If you can run merlin info
and see no errors then your connection is working.
Most of the runs done in Merlin will likely be distributed runs. These runs require:
- Tasks representing how to execute your workflow
- Workers to coordinate and execute these tasks
In a distributed run, the DAG created by the study
block of your spec file is converted to Celery tasks which are then sent to queues that live on the broker. To accomplish this Merlin provides the merlin run
command:
The diagram below displays the basic flow of this process:
Once tasks are queued on the broker, they will remain there until we initiate workers to process them.

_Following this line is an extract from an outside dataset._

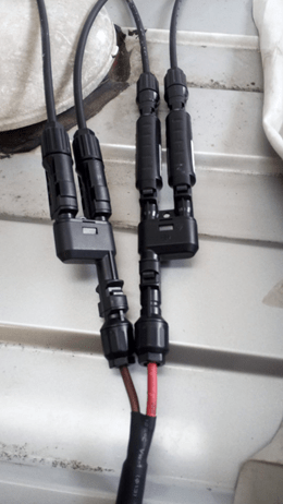 Ovviamente i cablaggi li ho fatti tenendo i pannelli coperti da un telo, in fin dei conti loro sono in grado di cacciare 50 V circa… Non si sa mai.

You can specify workers in the merlin
block of your spec file. To initiate these workers on your current node, you can use the merlin run-workers
command. However, workers are typically launched in parallel which will require an allocation on your preferred HPC system prior to using the merlin run-workers
command.
A parallel batch allocation launch is configured to run a single worker per node. This worker will then launch a number of worker processes to manage the tasks. The number of worker processes that are launched depends on the --concurrency
value provided to the workers and the number of nodes in your allocation that are running workers. In math terms: num_workers = concurrency * num_nodes
. By default the concurrency value will be the number of CPUs on the node but this can be configured by users (see the Configuring Celery Workers section for more details).
A full Slurm batch submission script to run the workflow on 3 nodes is shown below.
#!/bin/bash
#SBATCH -N 3
#SBATCH -J Merlin
#SBATCH -t 30:00
#SBATCH -p pdebug
#SBATCH --mail-type=ALL
#SBATCH -o merlin_workers_%j.out
# Assumes you are running this in the same dir as the yaml file.
YAML_FILE=input.yaml
# Source the merlin virtualenv (if using csh, change this to 'activate.csh' in the statement below)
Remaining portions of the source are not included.